• **TO DO**: Apart from the pictures, return every line of the listing exactly.

DATA PROVIDED: Begin

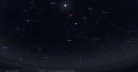 – A 2h59, la Lune est conjointe à Uranus dans le plan équatorial, la planète 3°13’ au Sud ; élongation solaire d’ Uranus 82° Est
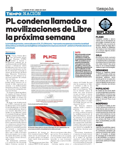 por el CNE (…) por parte del conse- Comunicado del Partido Liberal. ataques de Libre?”. INDEFENSO
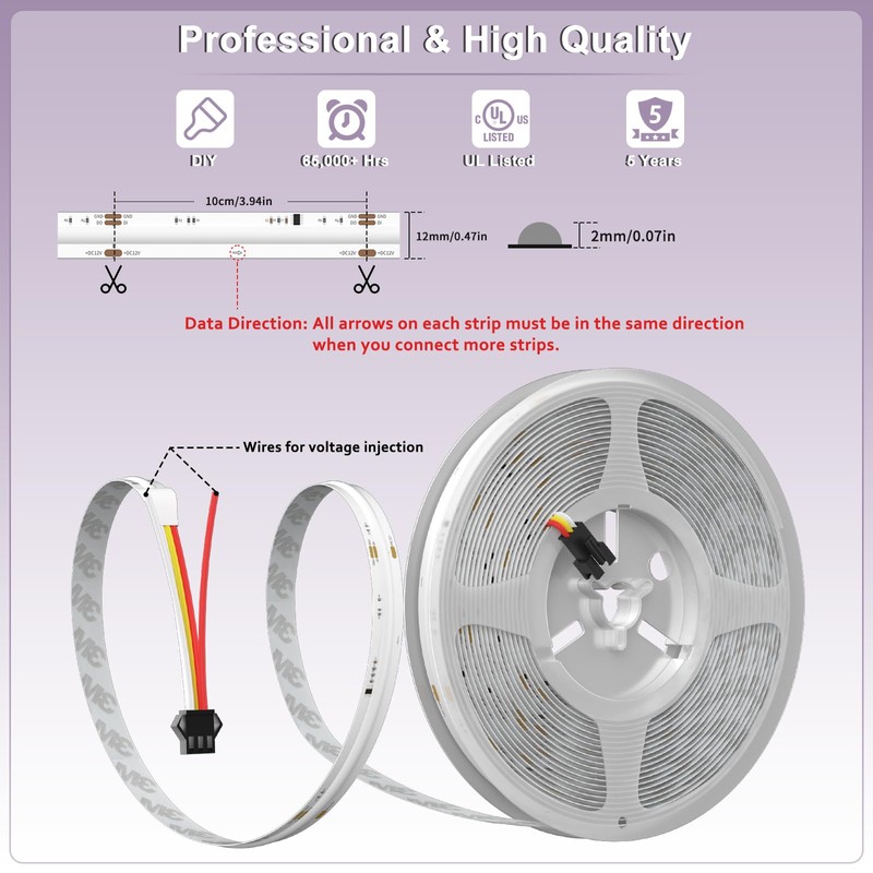 - DC24V Professional Grade: MIWISE 24V RGB Smart IC COB LED Strip provides excellent lighting effects! Each 20-foot roll of light strip provides 3843 LEDs for illumination at the same time, making the LED light strip appear to be continuously glowing. Unlike traditional SMD LED light strips, MIWISE COB LED light strips have almost no black spots, and the 180-degree beam angle can provide a wider lighting range. Professional-grade design improves your project level!

DATA PROVIDED: End

• **OUTPUT FOR THIS TASK**:
 – A 2h59, la Lune est conjointe à Uranus dans le plan équatorial, la planète 3°13’ au Sud ; élongation solaire d’ Uranus 82° Est
 por el CNE (…) por parte del conse- Comunicado del Partido Liberal. ataques de Libre?”. INDEFENSO
 - DC24V Professional Grade: MIWISE 24V RGB Smart IC COB LED Strip provides excellent lighting effects! Each 20-foot roll of light strip provides 3843 LEDs for illumination at the same time, making the LED light strip appear to be continuously glowing. Unlike traditional SMD LED light strips, MIWISE COB LED light strips have almost no black spots, and the 180-degree beam angle can provide a wider lighting range. Professional-grade design improves your project level!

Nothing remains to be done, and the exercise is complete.